(Exercise material begins)

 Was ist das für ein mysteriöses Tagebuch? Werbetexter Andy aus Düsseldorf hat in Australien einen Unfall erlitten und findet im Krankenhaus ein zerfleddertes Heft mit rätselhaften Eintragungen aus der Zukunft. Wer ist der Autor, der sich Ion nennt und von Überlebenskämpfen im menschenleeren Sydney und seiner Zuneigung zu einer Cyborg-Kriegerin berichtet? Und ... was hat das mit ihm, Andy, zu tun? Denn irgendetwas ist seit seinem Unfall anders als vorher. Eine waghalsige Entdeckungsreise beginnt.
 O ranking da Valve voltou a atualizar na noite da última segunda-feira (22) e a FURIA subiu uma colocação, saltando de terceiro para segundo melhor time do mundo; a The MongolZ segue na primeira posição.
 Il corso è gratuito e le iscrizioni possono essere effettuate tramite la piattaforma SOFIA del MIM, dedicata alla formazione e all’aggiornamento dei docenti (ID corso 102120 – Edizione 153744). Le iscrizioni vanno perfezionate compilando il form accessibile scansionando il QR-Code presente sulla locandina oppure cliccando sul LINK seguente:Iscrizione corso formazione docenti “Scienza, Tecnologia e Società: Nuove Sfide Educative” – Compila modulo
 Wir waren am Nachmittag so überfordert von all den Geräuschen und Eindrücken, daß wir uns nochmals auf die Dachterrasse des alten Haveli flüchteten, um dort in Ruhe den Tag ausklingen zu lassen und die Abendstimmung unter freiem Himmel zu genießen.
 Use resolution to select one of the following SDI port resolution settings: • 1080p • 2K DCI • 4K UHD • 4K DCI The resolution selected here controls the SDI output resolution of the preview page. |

(Exercise material ends)
(Exercise material begins)

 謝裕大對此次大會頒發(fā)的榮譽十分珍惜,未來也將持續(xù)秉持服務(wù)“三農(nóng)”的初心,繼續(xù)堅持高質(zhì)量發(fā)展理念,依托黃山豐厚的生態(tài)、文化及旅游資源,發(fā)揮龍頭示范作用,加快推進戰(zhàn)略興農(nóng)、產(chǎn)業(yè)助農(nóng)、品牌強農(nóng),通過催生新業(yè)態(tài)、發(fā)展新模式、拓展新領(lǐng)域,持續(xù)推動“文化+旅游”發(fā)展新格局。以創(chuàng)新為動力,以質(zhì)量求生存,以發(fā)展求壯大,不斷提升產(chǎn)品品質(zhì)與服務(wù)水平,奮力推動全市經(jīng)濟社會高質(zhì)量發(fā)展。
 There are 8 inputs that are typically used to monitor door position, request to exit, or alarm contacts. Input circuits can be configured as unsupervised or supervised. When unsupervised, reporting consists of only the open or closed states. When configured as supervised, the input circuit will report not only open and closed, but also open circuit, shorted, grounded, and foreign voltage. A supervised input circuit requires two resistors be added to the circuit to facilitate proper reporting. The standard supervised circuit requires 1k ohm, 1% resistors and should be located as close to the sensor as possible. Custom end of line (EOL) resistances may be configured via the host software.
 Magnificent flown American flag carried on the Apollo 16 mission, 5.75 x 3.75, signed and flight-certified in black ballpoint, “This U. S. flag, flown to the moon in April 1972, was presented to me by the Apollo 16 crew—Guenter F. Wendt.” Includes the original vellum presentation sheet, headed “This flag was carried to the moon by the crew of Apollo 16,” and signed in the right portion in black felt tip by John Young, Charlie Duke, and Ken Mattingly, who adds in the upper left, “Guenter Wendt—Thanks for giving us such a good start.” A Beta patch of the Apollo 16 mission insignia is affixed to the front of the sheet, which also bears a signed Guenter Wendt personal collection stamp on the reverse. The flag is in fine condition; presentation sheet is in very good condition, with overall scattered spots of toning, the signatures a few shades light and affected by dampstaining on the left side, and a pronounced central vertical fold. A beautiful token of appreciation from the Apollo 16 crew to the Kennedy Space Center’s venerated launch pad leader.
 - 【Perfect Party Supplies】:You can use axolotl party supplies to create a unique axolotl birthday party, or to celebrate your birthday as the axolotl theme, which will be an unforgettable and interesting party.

(Exercise material ends)

■ Task details ■
Of the lines above, retype only those from the line containing "Was ist das" through the line containing "Use resolution to", including both, exactly.

■ Solution to the exercise ■
 Was ist das für ein mysteriöses Tagebuch? Werbetexter Andy aus Düsseldorf hat in Australien einen Unfall erlitten und findet im Krankenhaus ein zerfleddertes Heft mit rätselhaften Eintragungen aus der Zukunft. Wer ist der Autor, der sich Ion nennt und von Überlebenskämpfen im menschenleeren Sydney und seiner Zuneigung zu einer Cyborg-Kriegerin berichtet? Und ... was hat das mit ihm, Andy, zu tun? Denn irgendetwas ist seit seinem Unfall anders als vorher. Eine waghalsige Entdeckungsreise beginnt.
 O ranking da Valve voltou a atualizar na noite da última segunda-feira (22) e a FURIA subiu uma colocação, saltando de terceiro para segundo melhor time do mundo; a The MongolZ segue na primeira posição.
 Il corso è gratuito e le iscrizioni possono essere effettuate tramite la piattaforma SOFIA del MIM, dedicata alla formazione e all’aggiornamento dei docenti (ID corso 102120 – Edizione 153744). Le iscrizioni vanno perfezionate compilando il form accessibile scansionando il QR-Code presente sulla locandina oppure cliccando sul LINK seguente:Iscrizione corso formazione docenti “Scienza, Tecnologia e Società: Nuove Sfide Educative” – Compila modulo
 Wir waren am Nachmittag so überfordert von all den Geräuschen und Eindrücken, daß wir uns nochmals auf die Dachterrasse des alten Haveli flüchteten, um dort in Ruhe den Tag ausklingen zu lassen und die Abendstimmung unter freiem Himmel zu genießen.
 Use resolution to select one of the following SDI port resolution settings: • 1080p • 2K DCI • 4K UHD • 4K DCI The resolution selected here controls the SDI output resolution of the preview page. |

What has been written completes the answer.